交通事故が発生したのちには加害者が被害者に対して、被害相当額の賠償を行うことが必要です。
この賠償額の算定においては、それぞれの事故の状況を専門家などが分析したうえで決定することが基本となります。
どちらに過失があり、その過失が事故の発生原因のどれくらいを占めているのかということを判断したうえで、加害者は被害者に対して賠償を行うのです。
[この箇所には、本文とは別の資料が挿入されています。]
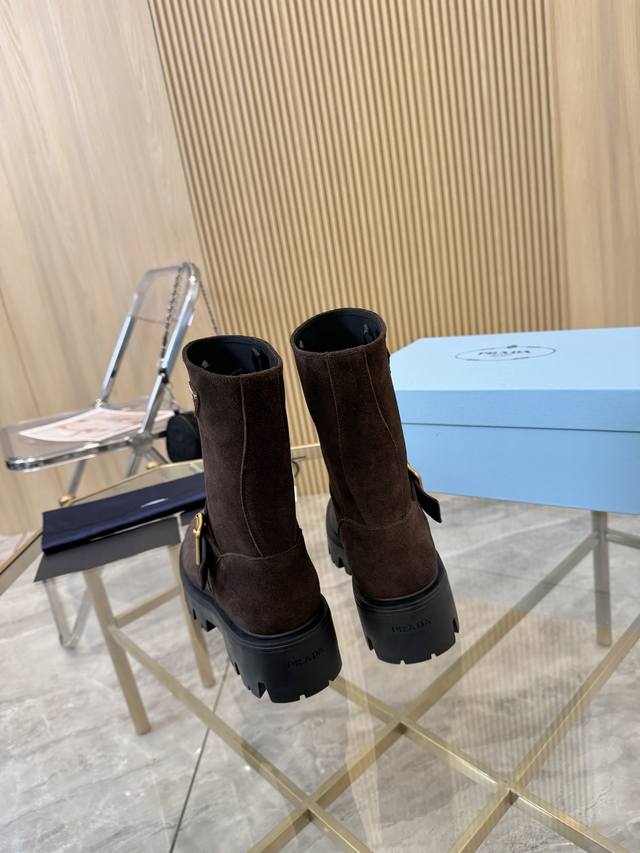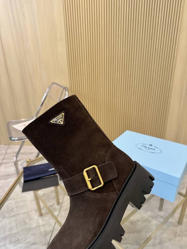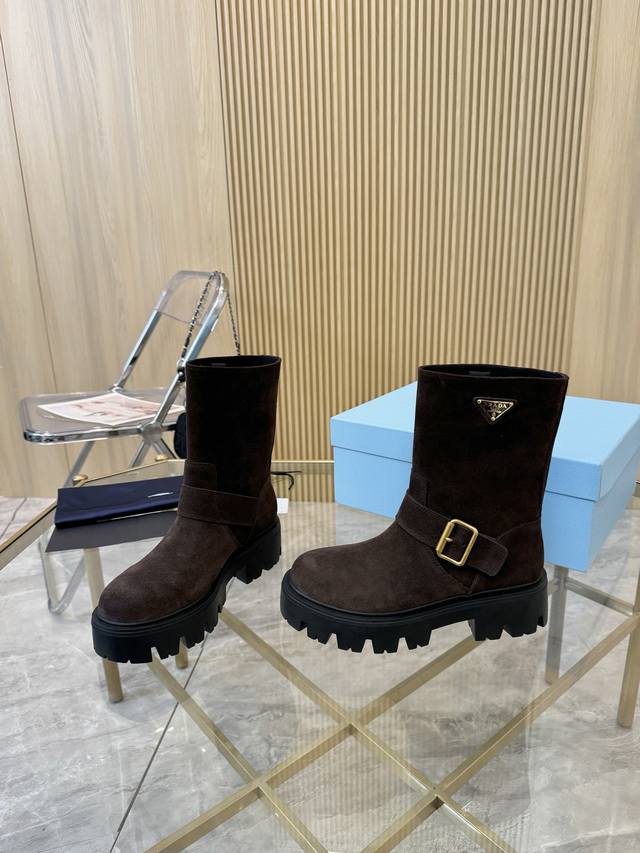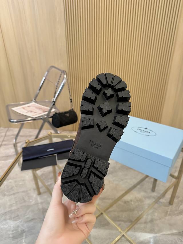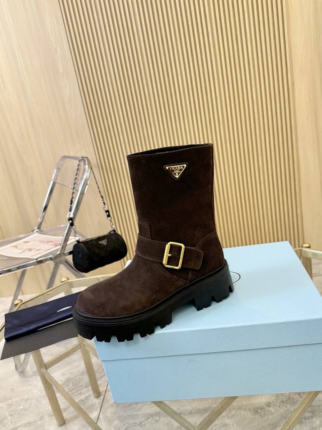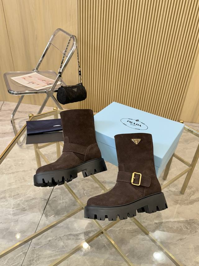 Leather Suede Prada* 25Ss Classic Triangle Logo Slip-on Women's Boots A must-have for winter, this is definitely a hot item this year!! Super stylish! Prada boots are truly amazing! They look sophisticated and make your legs look slimmer, perfectly capturing your elegance. Upper: Cowhide/Nubuck Lining: Cowhide Outsole: Original molded outsole Size: 35-41

しかし、中には明らかに加害者にだけ原因があるというようなケースも存在しています。
例えば夜間の運転で、加害者が無灯火で走行中に青信号の道路を渡っていた歩行者と衝突したというような場合には、明らかに加害者にのみ責任があるでしょう。

 

さて、こうした場合において加害者側と被害者側が相互に交渉を行い、裁判などによってではなく交渉によって決着がついたというような場合には、それを証明する証明書を作成することとなります。
そこで使用されるのが「免責証書」です。

 

免責証書には事故の解決方法が記されており、ほとんどの場合は「事故の発生日時」と「発生場所」、「当事者と加害者それぞれのが持つ、事故を特定するための情報」、そして「賠償金として支払う金額とその振込先」などが記載されることとなります。

 

そして最後には「支払いが完了した時点で、被害者は加害者に対する請求権を放棄し、異議の申し立てをしない」という内容が盛り込まれており、これに被害者がサインと捺印をしたのであれば、あとは加害者が被害者に賠償金の支払いをすれば、問題が解決するということになるのです。

免責証書と示談書

こうした免責証書と同様、示談によって問題が解決したということを示す証書としては「示談書」もありますが、実際のところ、これら二つはほとんど同一のものです。
ただ示談書と異なるのが「免責証書は加害者側の損害に触れていない」ということと「免責証書の場合は被害者の身の署名捺印で効力が発揮される」という部分です。
どちらの書類を用いるかについてはそれぞれの人が契約している保険会社や、弁護士などの指示に従って決定するのが無難でしょう。